Money for comparative effectiveness research for drugs was salvaged in the federal stimulus, despite the intense lobbying of the drug industry. This is a good thing. PhRMA has criticized the bill, arguing (risibly) that somehow more information in the marketplace will lead to denial of treatment. They would prefer us to have less information — to keep doctors and patients guessing about what drug works better for a particular ailment.
… Now, we often get criticized on this site for being “anti-business”. And sometimes we get criticized on this site for being anti-union. One might well ask, What's the point of consistency? I hope that we try to evaluate the actions of either unions or business, based on how closely they have aligned their own interests with those of the public at large. All interest groups will claim “What's good for us is good for the country” or state, or community. So in any given situation, we can ask, Is that a plausible claim? Or an excuse to charge a rent, or extort some unearned benefit from the public, via unequal power of politics or markets?
Everyone — especially those of us in Massachusetts — has an interest in a thriving drug industry, for reasons medical and economic. The question is the mode of doing business: Does the corporations' good overlap with the public's? Or are they appropriating value from us?
If drug companies are required to compete directly on cost and effectiveness, their business strategy will indeed have to change. Currently, the typical strategy seems to be: a.) develop a drug, b.) test it for general efficacy and safety, and c.) market it. In the absence of neutral, reliable comparative data between drugs, marketing weighs much more heavily in how drug companies compete than efficacy, safety, and price.
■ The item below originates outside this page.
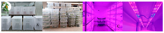 (A) CX.2385 plants isolated to obtain the CLR inoculum. (B) Inoculation boxes containing detached leaves inoculated with CLR. (C) Lighting conditions of the detached leaf evaluation room.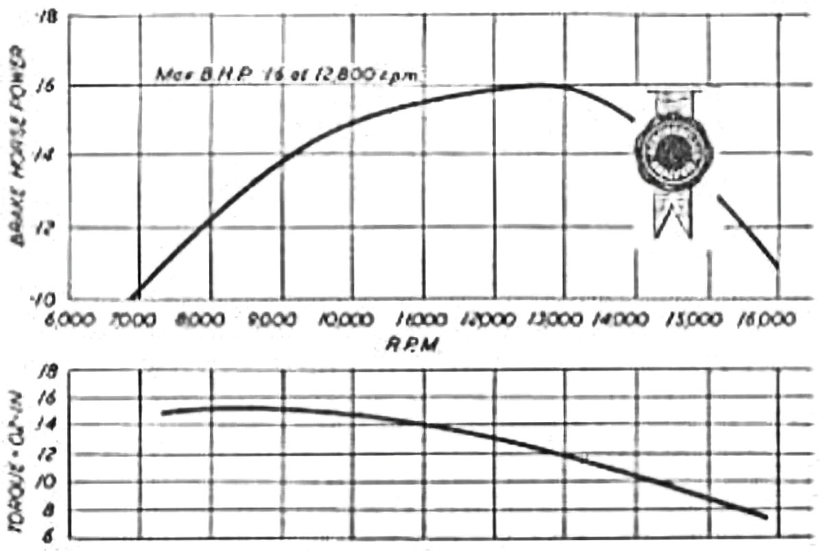 In terms of the engine’s handling, Warring commented that starting was “not all that brilliant”, although he did not qualify this frustratingly general statement. He admitted to using an electric starter for most of his testing "to ensure positive results". Nor did the engine impress all that much in performance terms - Warring only extracted 0.16 BHP at 12,800 RPM on 22% nitro fuel, well down on most contemporary British 2.5 cc plain-bearing diesels, although at least on par with the best of the British 1.5 cc diesels of comparable weight and bulk. The test report included the general statement that the Mamiya 15 was “loud in exhaust” while being “fair in power output”. Warring found that the engine was “much happier running at speeds of 11,000 RPM and above than at lower speeds”.

With the federal government playing the role of an honest and neutral broker, the balance will shift; the function of efficacy/safety/price will become much more prominent. Maybe we would see a shift in resources away from marketing, and toward R&D. Drug companies will still compete, they will still sell drugs, the winners will still make money — lots of it. But the results of such competition will be much more likely to bear real medical benefits for the public.
It's not that drug companies can't do business this new way; but since the old business model has been so lucrative, they're resistant to change. Their behavior is rational, in a way; but they circumscribe their own interests away from those of the public at large. Perhaps they will realize someday that the alternative will make them money, too.